--- Work to be completed ---
Your response to the data below should hold nothing except the lines from the one containing "Twinny Bud besteht" down to the one containing "上品な透け感とたっぷりとした抜け感のあるシルエットで、", reproduced exactly and without pictures.

--- Supplied material ---
**********

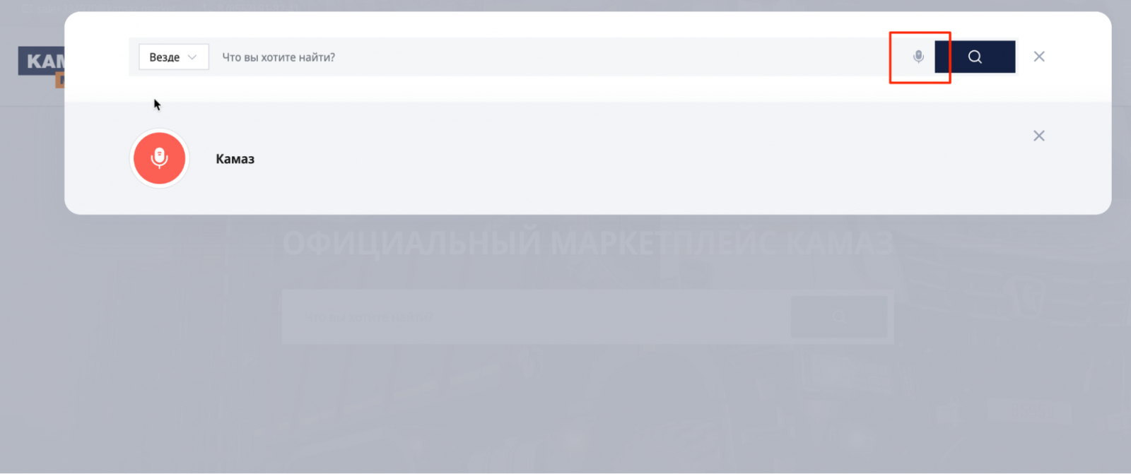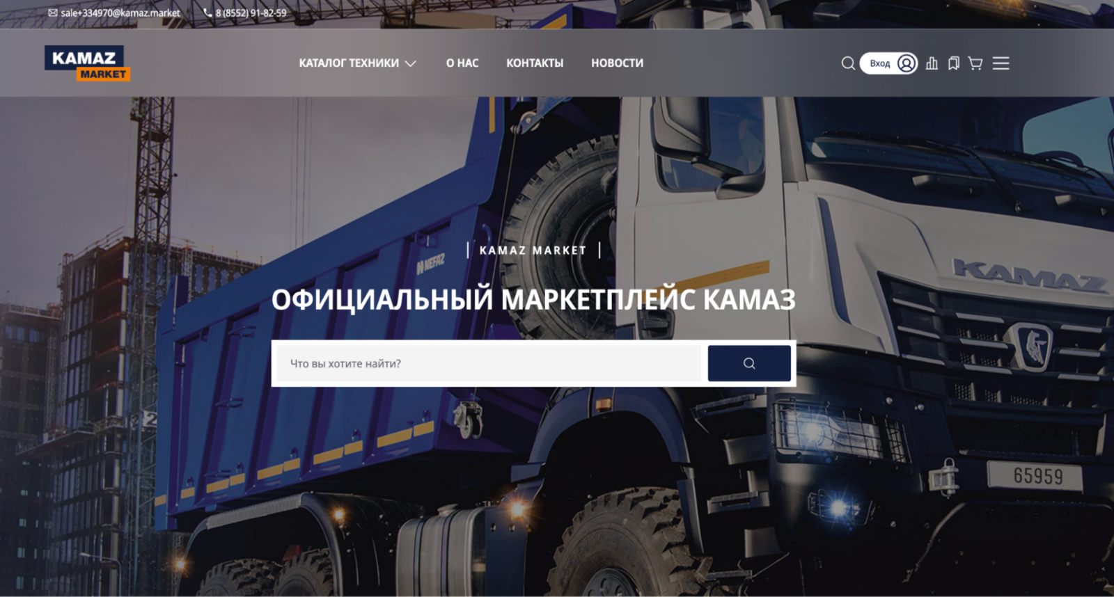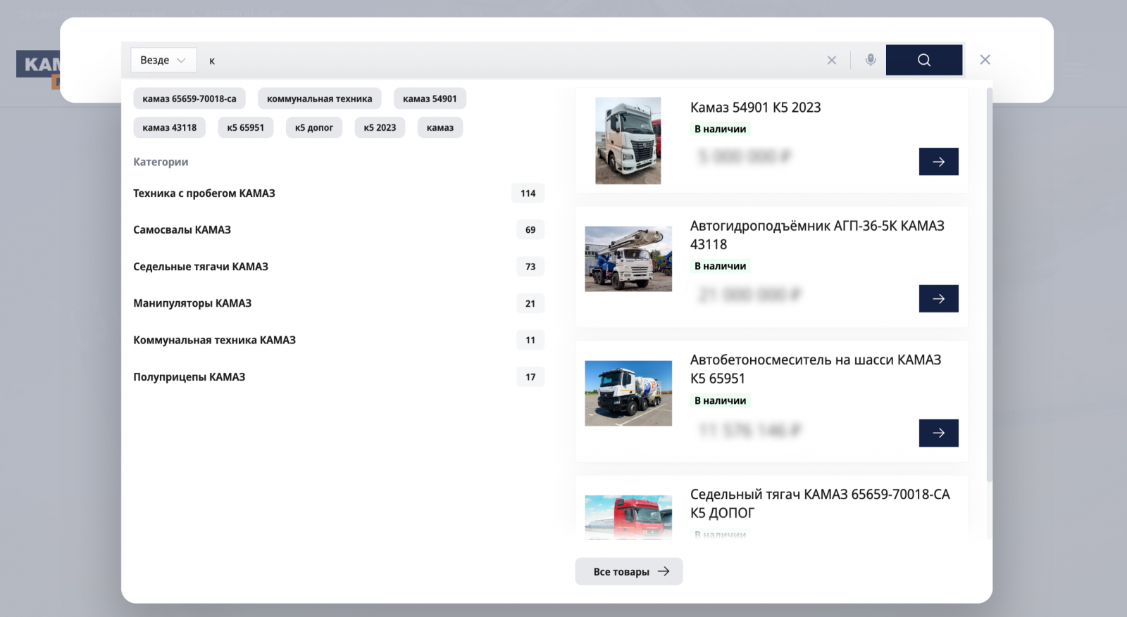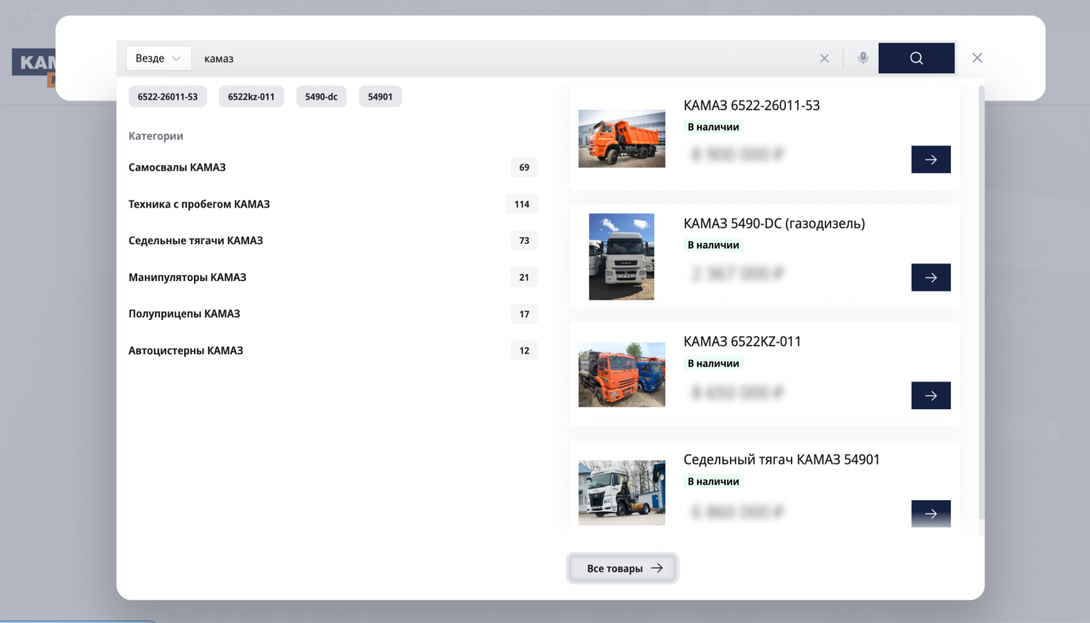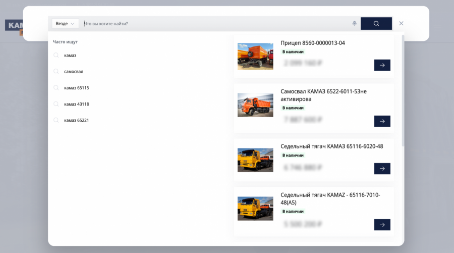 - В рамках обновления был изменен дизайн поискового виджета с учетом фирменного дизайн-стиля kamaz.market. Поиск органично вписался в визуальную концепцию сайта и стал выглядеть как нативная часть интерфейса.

**********

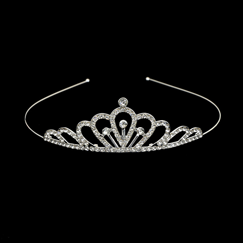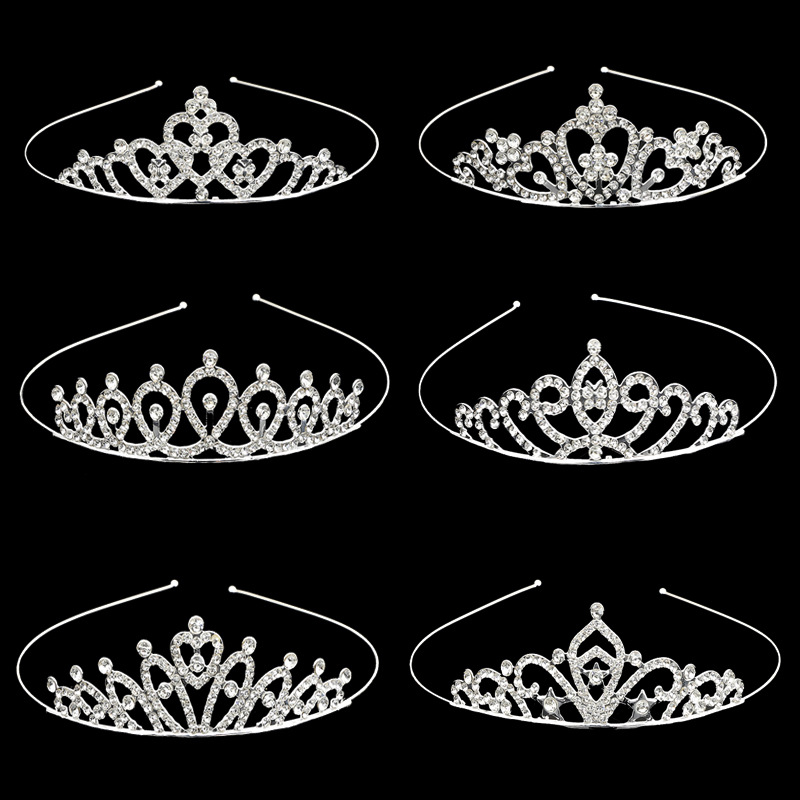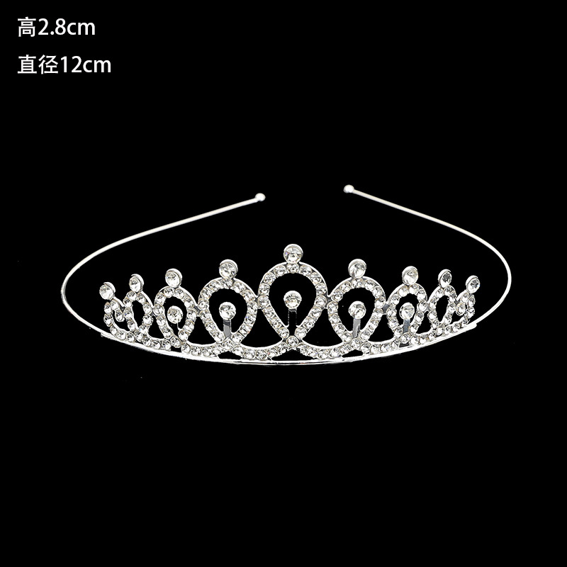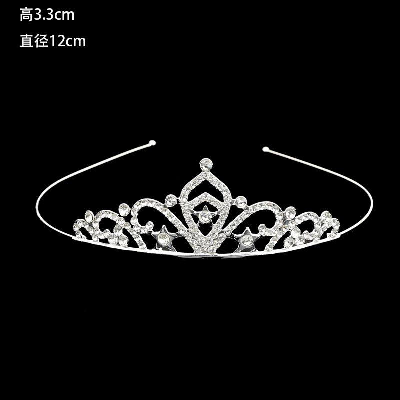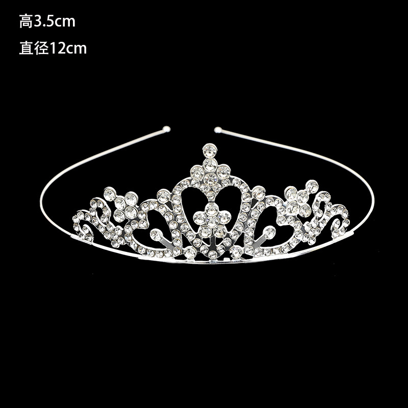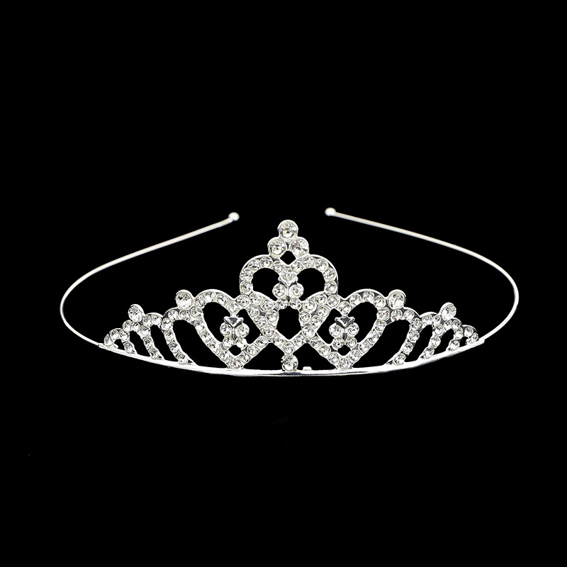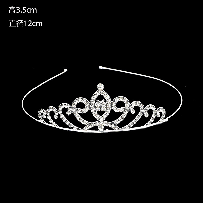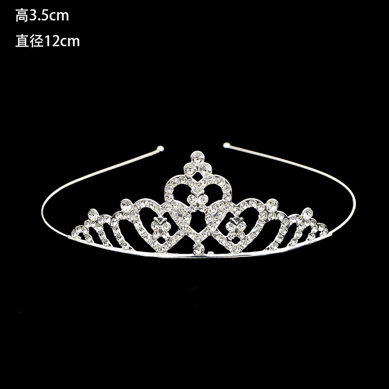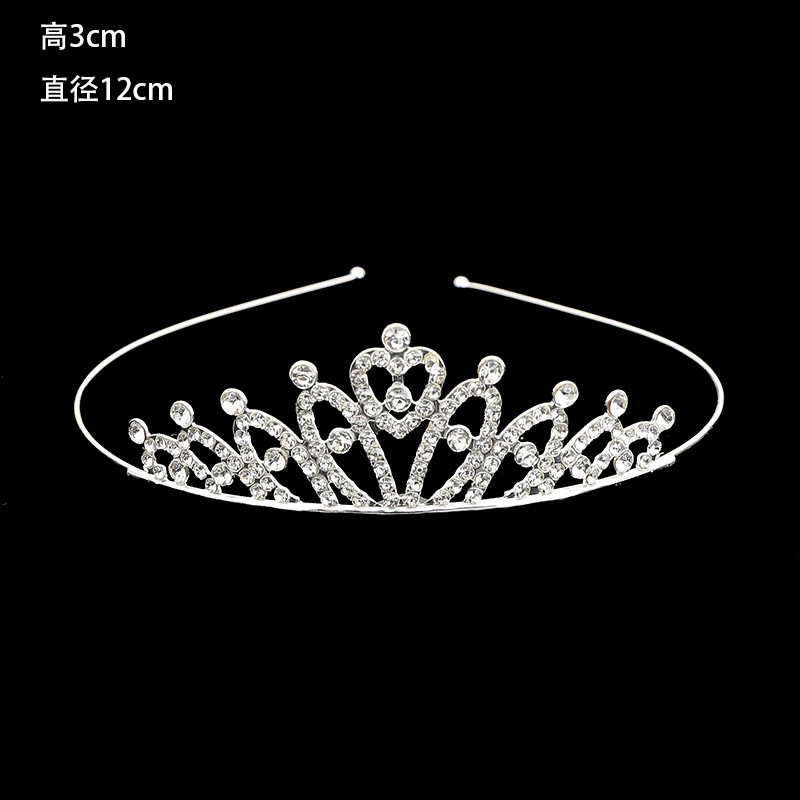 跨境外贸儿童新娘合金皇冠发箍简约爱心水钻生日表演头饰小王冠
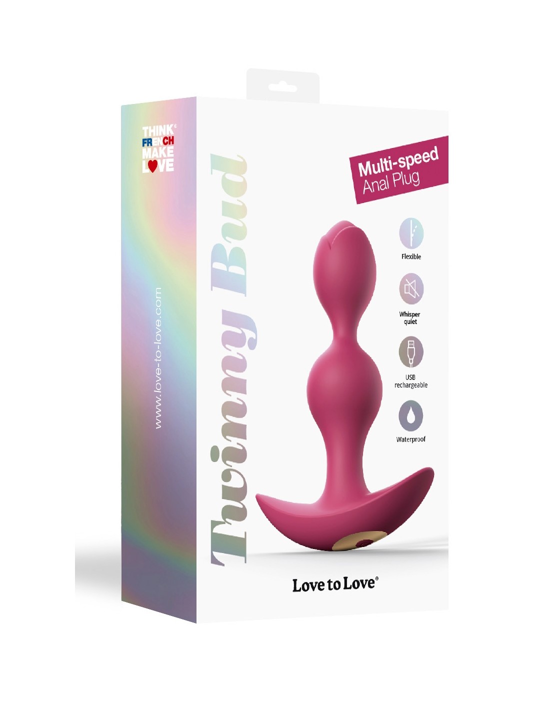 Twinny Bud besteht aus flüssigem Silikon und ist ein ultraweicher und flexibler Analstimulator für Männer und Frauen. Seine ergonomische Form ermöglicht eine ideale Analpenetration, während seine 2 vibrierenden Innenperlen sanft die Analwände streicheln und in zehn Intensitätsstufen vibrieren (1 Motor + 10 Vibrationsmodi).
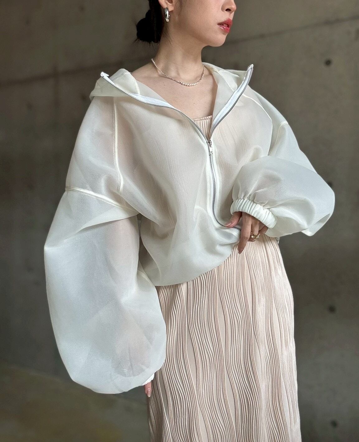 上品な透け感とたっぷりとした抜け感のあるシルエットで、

**********

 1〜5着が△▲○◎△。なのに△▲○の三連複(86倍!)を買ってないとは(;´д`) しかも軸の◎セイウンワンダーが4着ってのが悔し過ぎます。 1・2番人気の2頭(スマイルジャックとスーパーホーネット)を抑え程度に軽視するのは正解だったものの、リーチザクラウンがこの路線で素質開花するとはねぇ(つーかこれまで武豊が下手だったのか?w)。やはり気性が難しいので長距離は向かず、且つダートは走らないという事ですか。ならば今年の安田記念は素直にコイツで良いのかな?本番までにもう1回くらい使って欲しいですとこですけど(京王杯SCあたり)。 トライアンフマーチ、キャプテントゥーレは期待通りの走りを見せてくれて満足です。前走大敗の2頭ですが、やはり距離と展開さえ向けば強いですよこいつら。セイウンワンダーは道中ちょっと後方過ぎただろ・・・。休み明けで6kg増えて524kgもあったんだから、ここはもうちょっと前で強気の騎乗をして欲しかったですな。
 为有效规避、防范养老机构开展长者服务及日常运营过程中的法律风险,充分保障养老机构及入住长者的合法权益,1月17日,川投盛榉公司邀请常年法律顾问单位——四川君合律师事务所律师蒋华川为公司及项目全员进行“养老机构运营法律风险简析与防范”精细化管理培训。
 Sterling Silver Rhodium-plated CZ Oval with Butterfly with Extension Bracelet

**********

--- Output of the task ---
 Twinny Bud besteht aus flüssigem Silikon und ist ein ultraweicher und flexibler Analstimulator für Männer und Frauen. Seine ergonomische Form ermöglicht eine ideale Analpenetration, während seine 2 vibrierenden Innenperlen sanft die Analwände streicheln und in zehn Intensitätsstufen vibrieren (1 Motor + 10 Vibrationsmodi).
 上品な透け感とたっぷりとした抜け感のあるシルエットで、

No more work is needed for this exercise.